I'm just going to pay the nickel. That's what I realized, staring at a 7-Eleven sign on New Year's Eve warning of the coming enforcement of City Council member Dwaine Caraway's baby, the city's carryout bag ordinance. I'm going to pay the nickel, because remembering reusable bags is hard and I often, weirdly enough, reuse the bags the ordinance classifies as single-use -- whether it's to bring my lunch to work or pick up after my parents' dog when I dog-sit. On my biggest shopping trip, the bags will cost me maybe 60 cents. Whatever.

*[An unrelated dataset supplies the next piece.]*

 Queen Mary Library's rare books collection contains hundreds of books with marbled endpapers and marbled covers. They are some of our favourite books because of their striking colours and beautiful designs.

That attitude is why Caraway's ban isn't going to do what it was intended to do. Sure, it may result in fewer American Beauty moments for Dallasites and some of us will surely buy some reusables that we'll never use, but it fails to take simple steps that would've gone far further toward eradicating the blight of skittering plastic grocery bags that so disturbs Caraway.
Basically, Dallas should have just copied Austin's ordinance, verbatim, instead of taking a half-measure that's just going to end up in a buncha nickels being chopped up between retailers and the city.
Under Austin's ordinance, stores simply can't provide one-time use bags. Any plastic bags provided must be four millimeters thick and paper bags must have handles and meet a recycled content threshold. Both of these provisions are part of the Dallas ordinance too, but you can still get the bags Caraway was bound and determined to get rid of -- the thin plastic ones -- for a nominal fee.
Making matters worse is the city's inability, or simple refusal, to explain its own ordinance. As The Dallas Morning News reported Thursday some retailers still don't understand how the "ban" applies to them. Central Market representatives told the paper that its bags met the reusable standard as far as they knew, despite one of those standards being that a bag must be able to carry 16 pounds of material at least 100 times. While Central Market's bags are sturdier than, say, Tom Thumb's, it seems unlike they could meet that requirement.
As it stands, the ordinance that began enforcement Thursday is a typical Dallas mess. Poorly thought out, rife with unintended consequence and, at its core, obnoxious.